This Wednesday, Tim Ryan spoke with Detective Richard Wistocki, of Besure Consulting, to a crowd of concerned parents and teens. Their presentation, The Cop and Convict, aims to educate viewers on the dangers of addiction and how it can be prevented through technology monitoring.

Some of what they talked about was difficult to listen to. I could not imagine being a parent and going through my child’s phone to see what they had gotten in to. Just being in high school 5-8 years ago and experiencing what I did, I cannot imagine what the next generations of highschoolers will witness with their pocket computers.

But I could also accept the necessity of parents being more involved in their child’s technological life.

Shouldn’t my Life Be Private?

Det. Wistocki repeated throughout the presentation, “There is no such thing as privacy (regarding technology) for a child.” This was difficult for me to swallow. I like my privacy. I enjoy thinking that my conversations with friends are just between us. But, what if these conversations were harmful to me?

What if these conversations between friends were malicious without me knowing? What if these conversations were leading me down the path to addiction, and I did not even know it?

It was powerful to listen to some attendees in recovery talk about how they obtained drugs. One hundred percent of the methods they described involved some form of phone technology.

When I looked at the issue through this lens, it was easier for me to understand why parents should go through their children’s phones. However, it did not take away the cringe-factor of Det. Wistocki pulling up his child’s phone activity at that minute in front of complete strangers.

The Revelation

But that is when it hit me.

The activity on our phones should be innocent enough to be projected on a TV screen.
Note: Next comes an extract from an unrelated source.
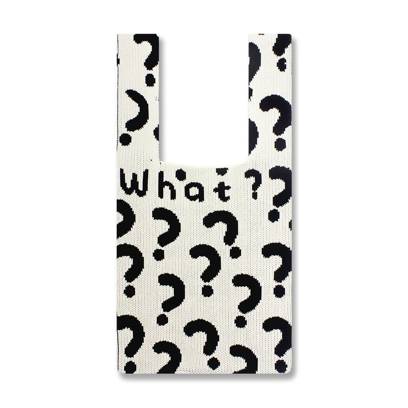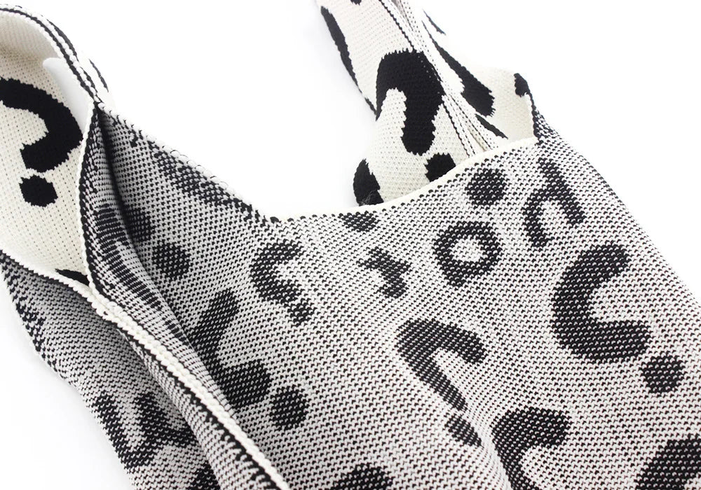 This trendy tote bag features a crochet vest design, perfect for a stylish and unique look. It has short handles for easy carrying and is medium-sized, ideal for shopping or everyday use.
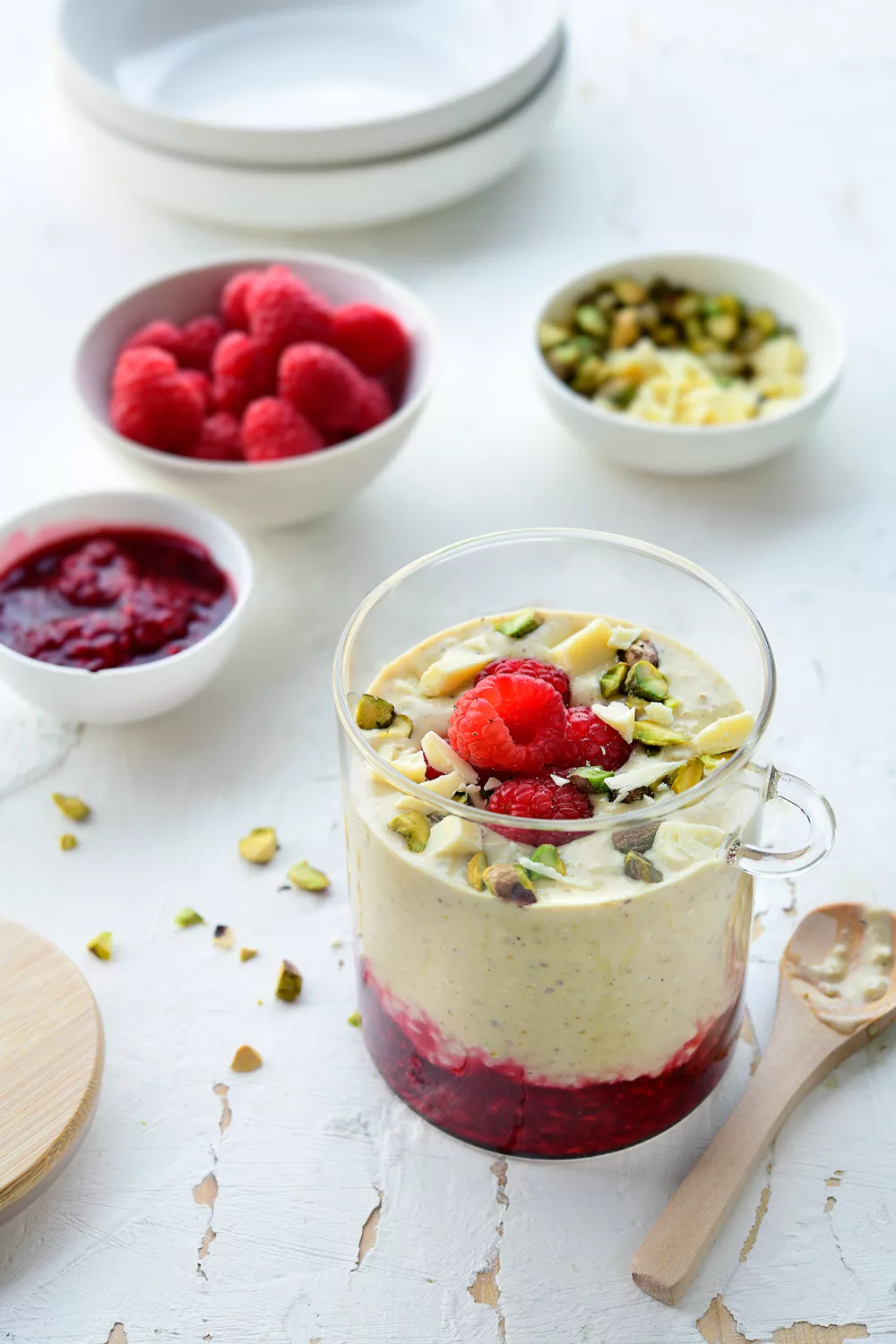 Begin je dag goed met deze romige pistache oats met frambozen: plantaardige yoghurt, amandeldrink en pistachepasta zorgen voor een nootachtige basis, terwijl de frambozencompote en verse fruit topping zorgen voor een frisse en zoete toets. Deze overnight oats zijn ideaal als gezond ontbijt, makkelijk klaar te maken én perfect voor drukke ochtenden.

Why should it be cringey to watch your phone activity in front of hundreds of people if you have nothing to hide?

I then realized what was making me uncomfortable.

An Extension of Myself

My phone has become an extension of myself. Just the thought of showing my phone activity feels like exposing what is going on inside my head. It was not just a violation of privacy, it felt like a violation of my being.

This thought frightened me, but I realized this was the purpose of this talk. No matter if we are 14, or 22, we should be using our phones in a way that would make our loved ones proud.

A Change of Heart

By the end of the presentation, my perception of children’s phone privacy had completely changed. And by children, I mean ages 18 and under. I saw first hand the dangers of having the key to world at such a young age, and how it can have horrific effects on our children.

When we look at the opiate epidemic as a whole, it can feel hopeless. However, The Cop and The Convict showed people on Wednesday night what they can do in their own homes to fight. What Tim Ryan has experienced in his lifetime due to drugs and alcohol is unfathomable, but as Det. Wistocki said, this does not have to happen, and we have the power to make it stop.